Until Labour accepts Brexit the party will be stuck in limbo - by Larry Elliott for The Guardian

On the eve of the Hartlepool by-election we assess the current state of the political parties from left, right and centre with articles from The Guardian, The Telegraph and on-line magazine Unherd by Larry Elliott, Allistair Heath and Peter Franklin respectively. All agree this up-coming by-election may prove seminal for Labour.


We lead with the following analysis by Larry Elliott for the Guardian:

"Labour is now more fundamentally split over Europe than the Tories were under Thatcher and Major. The bulk of the party’s supporters voted remain and still feel strongly that the result of the referendum was bad for Britain. A significant minority, concentrated in towns such as Hartlepool, voted leave and have resented being told that they got it wrong.

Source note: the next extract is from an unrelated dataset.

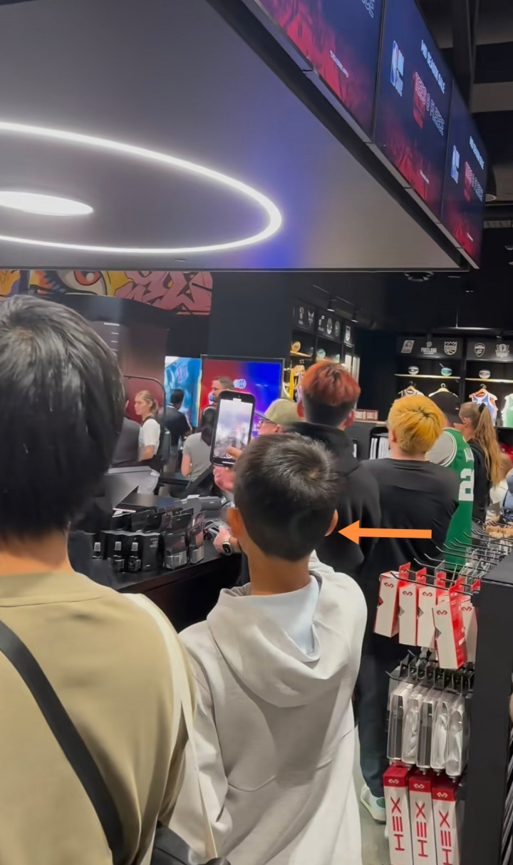 据网友共享的视频,Jasper伶仃失业打扮,白色上衣搭配灰色外衣和卡其色裤子,他穿梭在东谈主潮挤挤的店铺里,左看右看,还碰到了一个篮球明星,然后用手机拍下来。

Responsibility for this rift lies primarily with the hardline remainer element in the party, which, having gifted the Tories one election victory, now looks set to hand them the next one as well. A series of political blunders has made it much harder for Labour to piece together the electoral coalition it needs to win.

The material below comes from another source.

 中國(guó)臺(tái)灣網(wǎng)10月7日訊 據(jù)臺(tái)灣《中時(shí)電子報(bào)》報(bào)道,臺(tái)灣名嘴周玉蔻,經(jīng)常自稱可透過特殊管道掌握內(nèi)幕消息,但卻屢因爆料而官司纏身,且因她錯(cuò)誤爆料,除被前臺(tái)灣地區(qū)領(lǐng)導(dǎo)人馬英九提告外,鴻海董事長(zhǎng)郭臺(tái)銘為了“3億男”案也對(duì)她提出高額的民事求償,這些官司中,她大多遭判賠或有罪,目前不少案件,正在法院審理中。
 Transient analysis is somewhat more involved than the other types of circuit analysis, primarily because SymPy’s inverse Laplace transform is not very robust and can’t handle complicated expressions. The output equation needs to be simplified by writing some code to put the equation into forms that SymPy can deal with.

The full article can be read below with links to the original beneath it.



 

From the Conservative perspective, we enclose the following article by Allister Heath from the Telegraph. His prognosis for Labour is similarly foreboding:


"Obsessed with Twitter, convinced of their own moral superiority, consumed with a demented, irrational hatred of a Prime Minister they loathe almost as much as Margaret Thatcher, the modern Left no longer understands England, English politics or even themselves. The truth, in many cases, is just too painful to countenance.


If anything, the Labour Party is in an even worse place than the Tories were in the mid-1990s, when senior figures would insist, pathetically, that Britain was a naturally Conservative country, just before they were wiped out for a generation by a radical, transformative government. The difference is that the Tories reinvented themselves thanks to Brexit, an issue which started to undermine Labour early on."

 

And finally we add Peter Franklin's analysis of the current plight of Her Majesty's Opposition:


"To face humiliation is one thing. To need humiliation — for your own good — is quite another. And what Labour needs from the voters today is a truly terrifying result. A threat of extinction, in fact. Losing Hartlepool would be an excellent start."